Palavra de Mestre não deve ser contestada, no entanto....
Abraço

Rui Bandeira disse...

A minha conceção é mais aberta e mais abrangente do que a do Paulo M.

Pelo que deduzo do comentário anterior, a conceção do candido será, simultaneamente, mais abrangente, num aspeto, e mais focada, noutro, do que a minha.

Esta é a riqueza da Maçonaria:a livre e proveitosa coexistência de ideias, cada um podendo expor, livremente e sem receio de ser por isso atacado ou menosprezado, as suas e todos podendo beneficiar dos diversos pontos de vista.

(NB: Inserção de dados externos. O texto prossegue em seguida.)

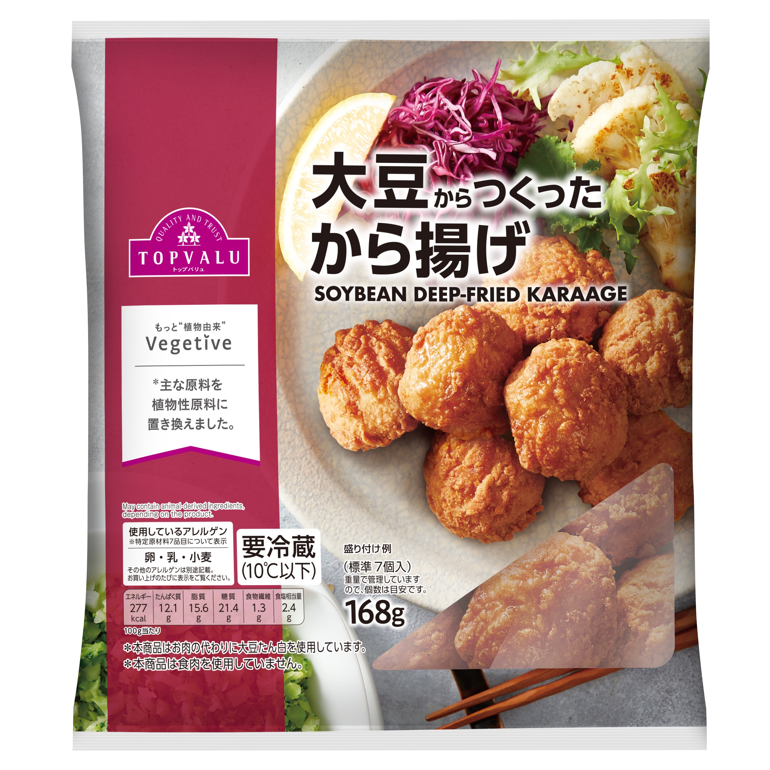 イオンは5月26日(木)より順次※1)、全国の「イオン」「イオンスタイル」「マックスバリュ」「KOHYO」等、グループ約2,000店舗※2にて、“ヘルシーとおいしいをどちらも叶える新しい食のカタチ”を提案する植物代替食品シリーズ「トップバリュ Vegetive(ベジティブ)」シリーズ(以下、ベジティブシリーズ)から、大豆からつくったから揚げやハムカツ風など5品目を発売※2)します。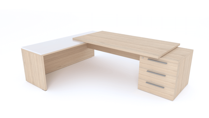 X3 Plan Manager 180x90cm + retour 100x60cm sur caisson hauteur de bureau 3 tiroirs (encombrement 180x190cm)

E tudo isto se fazendo à Glória do grande Arquiteto do Universo, deixando que cada um entenda o GADU como entenda, mas também entenda o que é a Sua Glória como entenda...

Diogo disse...

Caro Paulo M.

E que dizer dos outros? Por exemplo dos ateus que se consideram boas pessoas, como é o meu caso? Eu não trabalho À Glória de nenhum Grande Arquitecto. Limito-me a levar uma vida onde tento fazer o melhor possível.

Abraço

Paulo M. disse...

@candido: Nunca disse que ser Deísta era condição - e ainda menos única - para se ser maçom. E não esqueçamos que a(s) Maçonaria(s) cultiva(m) a diversidade... Quanto à "Palavra de Mestre" não dever ser contestada, direi que dependerá do momento e das circunstâncias, mas sobretudo da Palavra e do Mestre! Neste texto fui - espero - suficientemente explícito ao referir que a maior parte não passa da minha humilde e frágil posição pessoal, que também espero ter deixado claro estar, a este respeito, apenas rabiscada na areia, e não talhada em pedra...

@Rui Bandeira: sem diversidade de pensamento a nossa vida seria mortalmente aborrecida. Quanto à natureza da Glória, por mim até pode ser a filha da vizinha do 4º Esq... desde que quem assim pense se sinta bem entre nós.

@Diogo: Seja muito bem (re) aparecido. Nunca me ouviu dizer - nem ouvirá, e se ouvir dê o desconto, que é o Alzheimer a falar por mim - que um ateu, por sê-lo, fosse má pessoa. Creia que o entendo muito bem, pois na minha incerteza já balancei entre os dois extremos. Note, porém, que tudo o que disse se refere à Maçonaria Regular. Por esta altura já saberá o que esta é, e que existe outra corrente - a Maçonaria Liberal - que se distingue da Maçonaria Regular, essencialmente, por aceitar ateus e/ou mulheres, e por permitir a discussão de política e religião em Sessão de Loja. Se o seu problema é sentir-se "deixado de fora" da Maçonaria Regular por estas diferenças, mas se identifica com o resto do "ideário" - chamemos-lhe assim - da Maçonaria, estou certo de que o Grande Oriente Lusitano, por exemplo, saberá orientá-lo melhor do que nós.

Um abraço,
Paulo M.

Jocelino Neto disse...

"Não é possível convencer um crente de coisa alguma, pois suas crenças não se baseiam em evidências; baseiam-se numa profunda necessidade de acreditar"

Carl Sagan

"Estou convicto. Não creio"

Autor anônimo.

Unknown disse...

independente de ser ateu ou cristão segue o mesmo conceito ?
osvaldo

Rui Bandeira disse...

Na Maçonaria Regular só se aceitam crentes. Na Maçonaria Liberal, aceitam-se ateus. Por definição o ateu não crê no GADU, pelo que, para este, o conceito é vazio. A Maçonaria Regular trabalha à Glória do Grande Arquiteto do Universo. A Maçonaria Liberal a bem da Humanidade.